今天,带来Matlab中绘制二元直方图,即绘制两个元素直方图的函数histogram2,它与直方图函数一致,只不过多了一个维度,它将数据分组到二维 bin 中。
本文,主要介绍histogram2函数的常见用法、语法说明、向量直方图、指定分割区块(bin)数量、修改直方图的bin数量、按高度对直方图条形着色、块状直方图视图、指定直方图bin的边界、直方图的归一化、直方图属性的调整、直方图的保存与加载等方面的介绍。
下面我们将开始非常详细的 Matlab histogram2 函数语法介绍,实例引用,结果展示。首先,我们给出 Matlab 中关于 histogram2 函数的帮助文本如下:
>> help histogram2
histogram2 Plots a bivariate histogram.
histogram2(X,Y) plots a bivariate histogram of X and Y. X and Y can be
arrays of any shape, but they must have the same size. histogram2
determines the bin edges using an automatic binning algorithm that
returns uniform bins of an area chosen to cover the range of values in
X and Y and reveal the shape of the underlying distribution.
histogram2(X,Y,NBINS), where NBINS is a scalar or 2-element vector,
specifies the number of bins to use.
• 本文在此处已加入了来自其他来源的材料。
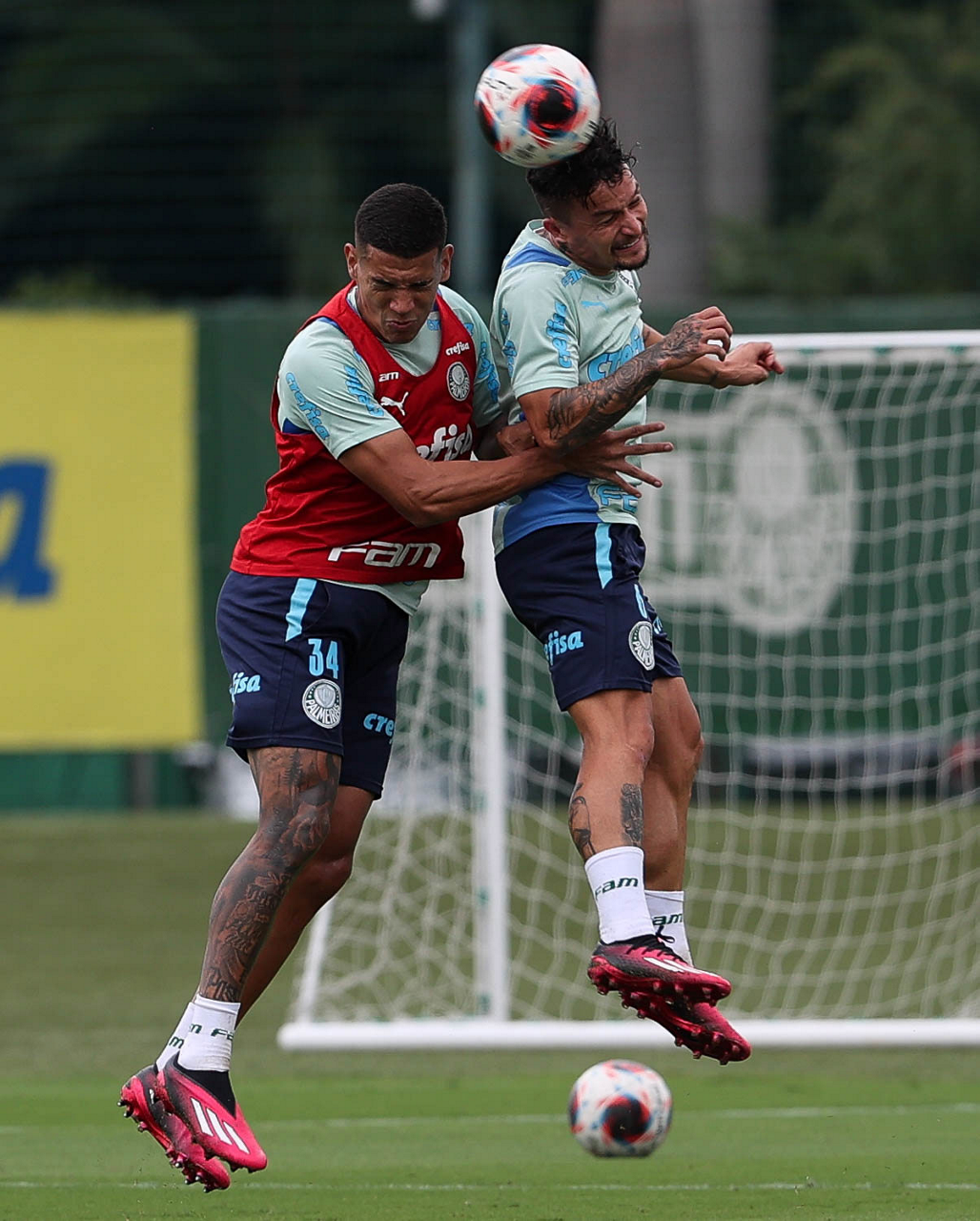 Os jogadores Marcos Rocha, Jailson, Fabinho, Garcia, Naves, Murilo, Luan e o goleiro Marcelo Lomba (E/D em pé) e Vanderlan, Gabriel Menino, Richard Ríos e Gustavo Gómez (E/D agachados), da SE Palmeiras, durante treinamento, na Academia de Futebol. (Foto: Cesar Greco/Palmeiras/by Canon)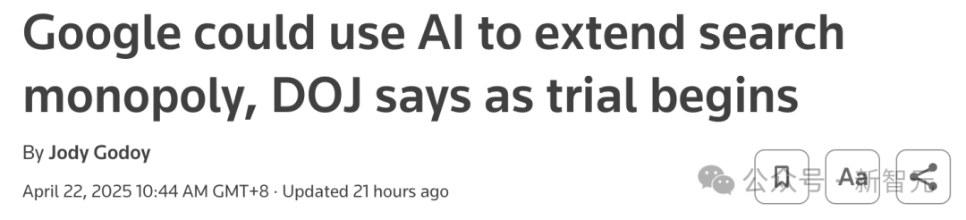 听证会上,司法部称谷歌不仅在搜索领域占据主导地位,还试图将其垄断力量扩展到AI领域。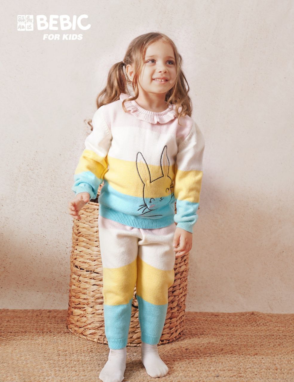 A soft and warm knitted set for infants (size months) consisting of a pullover and pants. It features a striped design in cheerful pastel colors (white, pink, yellow, and blue). The top is decorated with a large yellow bunny motif, with a collar adorned with soft pink ruffles. The pants are striped in the same colors. Designed for warmth and comfort, they feature easy-to-wear details such as an elasticated waistband.

A scalar specifies the same number
of bins in each dimension, whereas the 2-element vector [nbinsx nbinsy]
specifies a different number of bins for the X and Y dimensions.
histogram2(X,Y,XEDGES,YEDGES), where XEDGES and YEDGES are vectors,
specifies the edges of the bins.
The value [X(k),Y(k)] is in the (i,j)th bin if XEDGES(i) <= X(k) <
XEDGES(i+1) and YEDGES(j) <= Y(k) < YEDGES(j+1). The last bins in the
X and Y dimensions will also include the upper edge. For example,
[X(k),Y(k)] will fall into the i-th bin in the last row if
XEDGES(end-1) <= X(k) <= XEDGES(end) && YEDGES(i) <= Y(k) < YEDGES(i+1).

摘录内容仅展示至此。